Variational Approach to Necessary and Sufficient Stability Conditions for Inviscid Shear Flow

TL;DR

This paper introduces a variational method to determine the linear stability of inviscid parallel shear flows, providing a necessary and sufficient condition that simplifies analysis compared to traditional approaches.

Contribution

It develops a novel variational framework based on Hamiltonian mechanics to establish stability criteria, applicable to a broad class of hydrodynamic problems.

Findings

The method characterizes instability via positive eigenvalues of a selfadjoint operator.

Stability conditions are derived by maximizing a quadratic form.

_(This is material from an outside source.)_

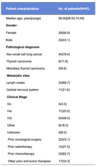 入組患者既往接受過手術(shù)、放療或化療治療,其中,78.4%(n=40)的患者為NSCLC患者,男性與女性患者比例相近,21.6%(N=11)的患者出現(xiàn)CNS轉(zhuǎn)移[1]。
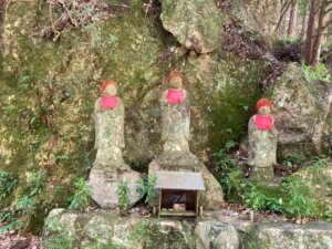 登山道の入口に三体のお地蔵さんがあって、国籍や宗教で差別することはないはずなので、地蔵菩薩にパーティー全員の無事をお祈りした。日本の登山道では地蔵をよく見かける。その理由をAIに尋ねると、旅の安全祈願や亡くなった人の霊を供養するためとのこと。

The approach is both theoretically sound and numerically efficient.

Abstract

A necessary and sufficient condition for linear stability of inviscid parallel shear flow is formulated by a novel variational method, where the velocity profile is assumed to be monotonic and analytic. Unstable eigenvalues of the Rayleigh equation are shown to be associated with positive eigenvalues of a certain selfadjoint operator. The stability is therefore simply determined by maximizing a quadratic form, which is theoretically and numerically more tractable than directly solving the Rayleigh equation. This variational approach is based on the Hamiltonian nature of the inviscid fluid and will be applicable to other hydrodynamic stability problems.